Segment Start: Recorded data

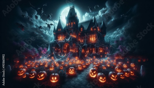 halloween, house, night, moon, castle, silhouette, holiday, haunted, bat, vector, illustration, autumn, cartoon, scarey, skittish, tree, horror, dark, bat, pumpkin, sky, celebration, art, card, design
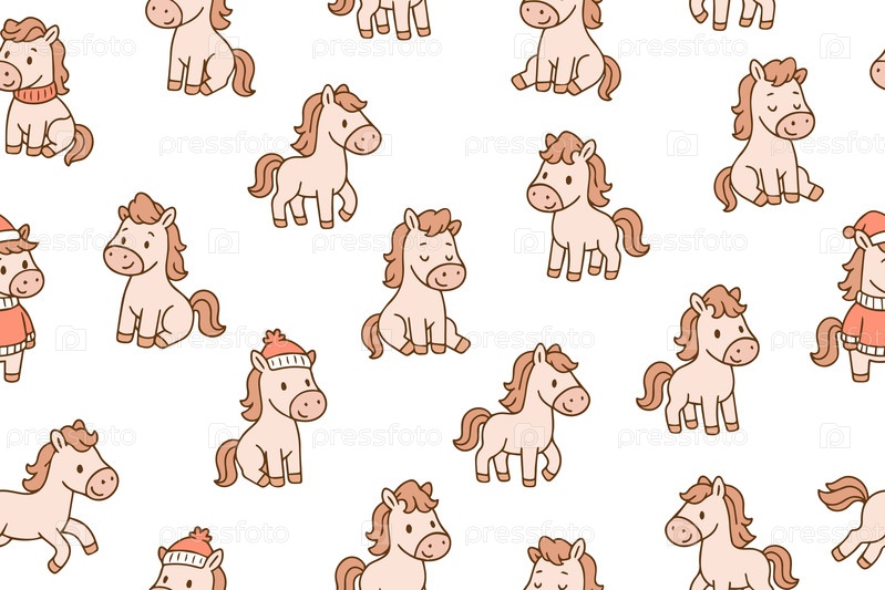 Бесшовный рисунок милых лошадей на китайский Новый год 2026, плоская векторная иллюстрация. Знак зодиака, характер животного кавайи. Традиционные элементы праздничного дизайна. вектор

Segment End: Recorded data
Segment Start: Recorded data

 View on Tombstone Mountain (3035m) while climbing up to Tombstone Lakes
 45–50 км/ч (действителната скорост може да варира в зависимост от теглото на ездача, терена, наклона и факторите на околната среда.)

Segment End: Recorded data

Search the listing above for the lines with "View on Tombstone" and "45–50 км/ч (действителната", then output those lines and all lines between them exactly.

 View on Tombstone Mountain (3035m) while climbing up to Tombstone Lakes
 45–50 км/ч (действителната скорост може да варира в зависимост от теглото на ездача, терена, наклона и факторите на околната среда.)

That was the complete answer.